WORK TASK
After locating the line that contains "Phật tổ Như", output that line and each one following it, exactly, to the end of the entries. No pictures.

━━━━━━━━━━━━━━━━

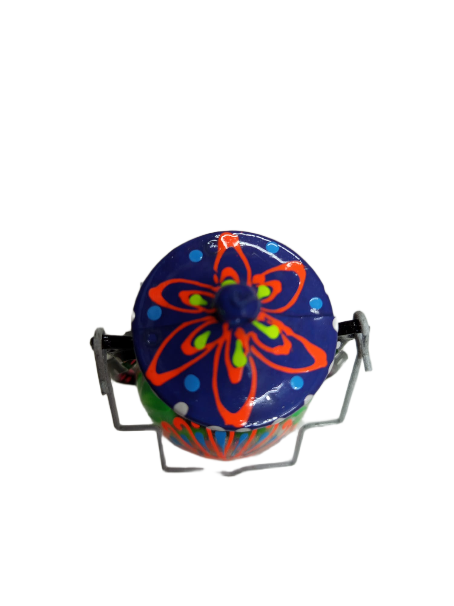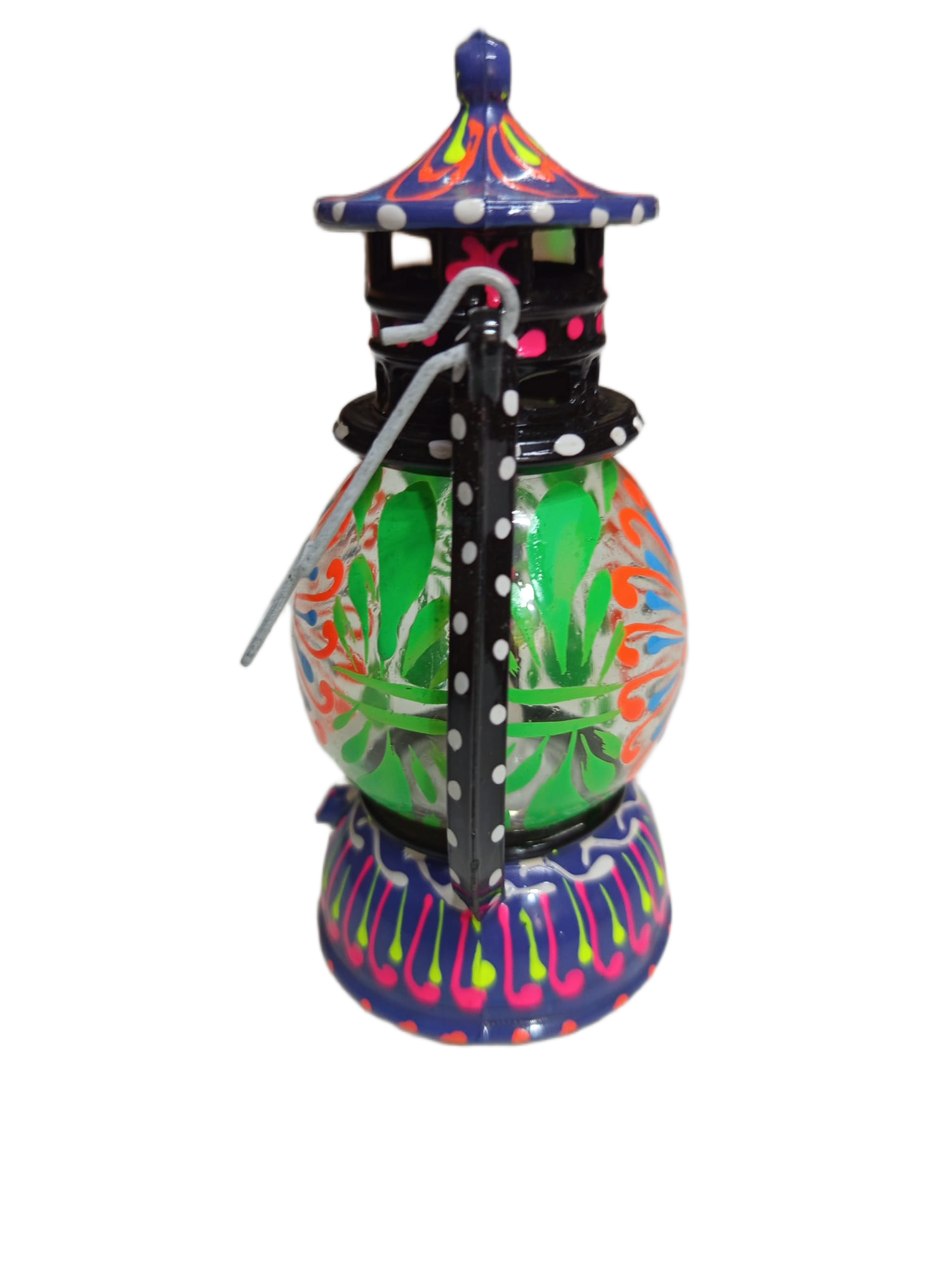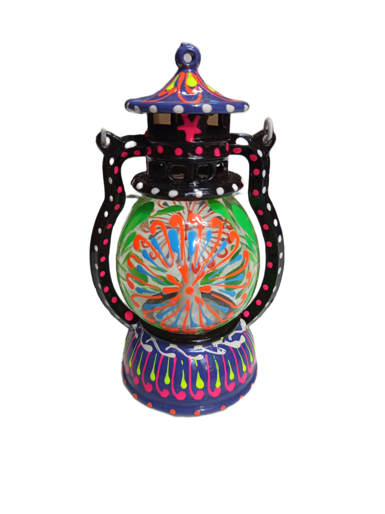 A handcrafted decorative lantern inspired by traditional truck art, featuring intricate patterns and vibrant detailing.
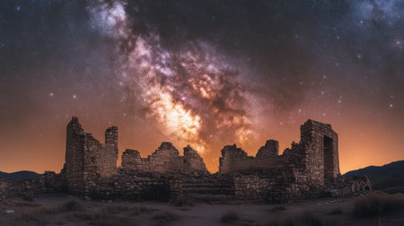 The Milky Way rising above ancient stone ruins, blending cosmic wonder with human history under a star-filled sky
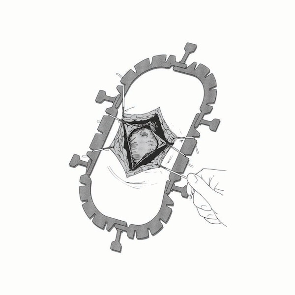 The Lone Star Veterinary Retractor System consists of two components, the autoclavable plastic ring and the accessory elastic stays. Because of its unique design, the retractor ring easily can be adapted to the patient's anatomy. The elastic stays allow the surgeon flexibility over the amount of tension applied and precise retraction of the incision without obstruction. Prep and drape patient in usual manner, then apply the retractor.
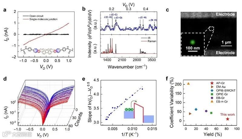 将氨基封端的薁分子通过酰胺键共价连接至石墨烯间隙(图4)。电学表征显示器件电导从开路状态的~0 nA升至~1 nA(图4a)。非弹性电子隧穿谱(IETS)在226 mV(v(C=O))和452 mV(v(N-H))处观测到酰胺键特征峰(图4b),证实分子稳定桥接。60个器件的室温I–V曲线表现出高度的器件均一性,平均电导为(1.16±0.12)×10–5 G₀(G₀=77.5 µS),变异系数为10.73%(图4d)。
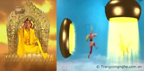 Phật tổ Như Lai tung chiếc bát thu phục Tôn Ngộ Không giả.
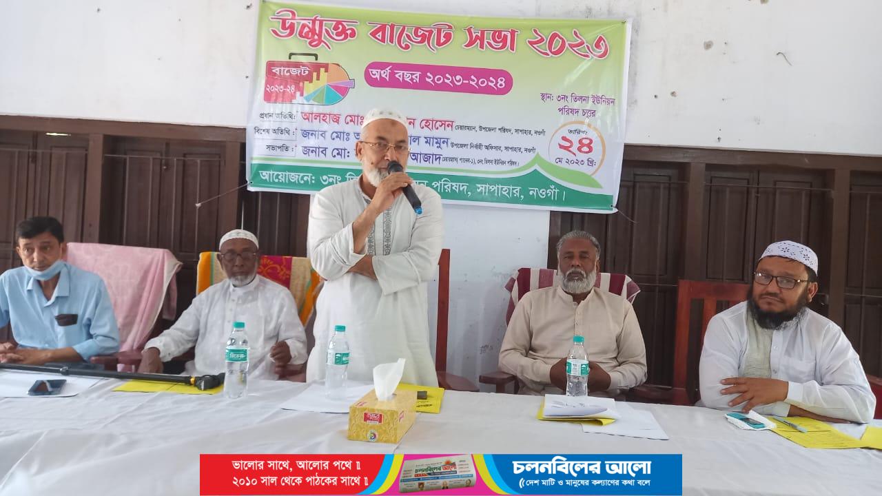 নওগাঁর সাপাহার উপজেলার ৩ নং তিলনা ইউনিয়ন পরিষদের ২০২৩-২০২৪ অর্থ বছরের উন্মুক্ত বাজেট ঘোষণা করা হয়েছে।
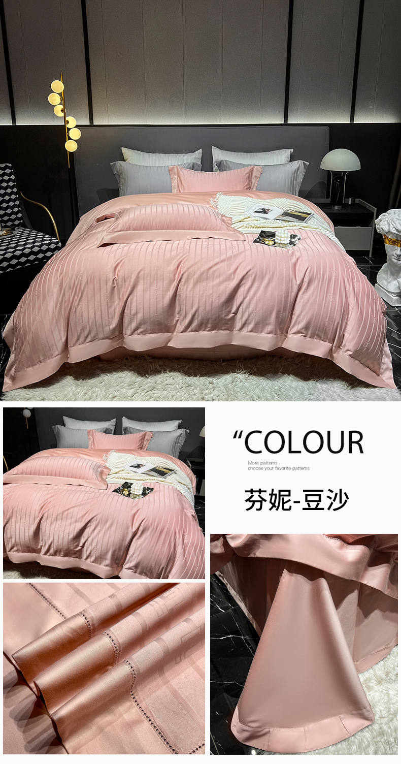 (总)淼铭家纺 2025新款莱赛尔夏被四件套-黛莉丝系列,黛丽丝-粉,黛莉丝-金,黛莉丝-青,黛莉丝-紫
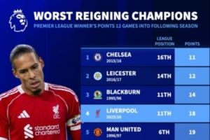 英超衛(wèi)冕冠軍12輪后最低積分:切爾西15年僅11分 利物浦18分列第4

━━━━━━━━━━━━━━━━

WRITTEN SOLUTION
 Phật tổ Như Lai tung chiếc bát thu phục Tôn Ngộ Không giả.
 নওগাঁর সাপাহার উপজেলার ৩ নং তিলনা ইউনিয়ন পরিষদের ২০২৩-২০২৪ অর্থ বছরের উন্মুক্ত বাজেট ঘোষণা করা হয়েছে।
 (总)淼铭家纺 2025新款莱赛尔夏被四件套-黛莉丝系列,黛丽丝-粉,黛莉丝-金,黛莉丝-青,黛莉丝-紫
 英超衛(wèi)冕冠軍12輪后最低積分:切爾西15年僅11分 利物浦18分列第4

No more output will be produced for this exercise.